I was hoping for something that is faster and simpler than both of these.
Have you tried benchmarking these? Once compiled to XLA, the where
based solution shows comparable execution time compared to the straightforward approach:
import numpy as np
import jax.numpy as jnp
from jax import make_jaxpr, jit
@jit
def f1(x, y):
return x / y
@jit
def f2(x, y):
return jnp.where(y != 0, x / y, 0)
x = jnp.array(np.random.randint(0, 10, (1000, 1000))).astype(jnp.float32)

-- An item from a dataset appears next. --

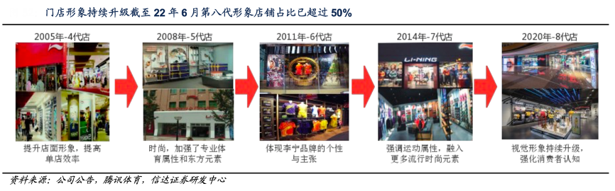 經(jīng)典案例:根據(jù)公司公告、騰訊體育、信達證券研發(fā)中心等綜合資訊表明,李寧公司持續(xù)優(yōu)化渠道建設布局,聚焦購物中心大店,推動旗艦店等高效大店落地,同時推進 店鋪結構優(yōu)化,加速處理虧損、低效門店。自 2020 年起,公司積極推進門店視覺形象的升級,加速第八代形象店建設,截至 22 年 6 月第八代形象店鋪占比已超過50%。

y = jnp.array(np.random.randint(0, 10, (1000, 1000))).astype(jnp.float32)
# trigger compilations...
f1(x, y)
f2(x, y)
%timeit f1(x, y).block_until_ready()
# 1000 loops, best of 3: 1.03 ms per loop
%timeit f2(x, y).block_until_ready()
# 1000 loops, best of 3: 1.06 ms per loop
For GPU, you could look at the PTX instruction set and see if there's an instruction or instruction sequence that you'd like XLA to emit here?
@jakevdp I hadn't yet (probably should have), thanks for doing this, very interesting! How would you explain this behavior, i. e. is branching optimized out during compilation or just dirt-cheap? I somehow imagined branching to be more expensive on GPU/TPU (where I assume you ran this). Are you certain that overhead like host communication doesn't dominate cost?
@jekbradbury Thanks for the pointer! That made me find the spec of the PTX division ops, which all just seem to return inf
on div by 0
, without alternatives. The spec even has an explicit example for avoiding division by 0. Therefore, the suggested implementations are probably as good as it gets on top of CUDA/PTX. Also made me realize that it doesn't even cause a warning in JAX by default, unlike NumPy.
I'm pretty sure Jake's suggestion is about as good as we are going to do. Let us know if it isn't fast enough!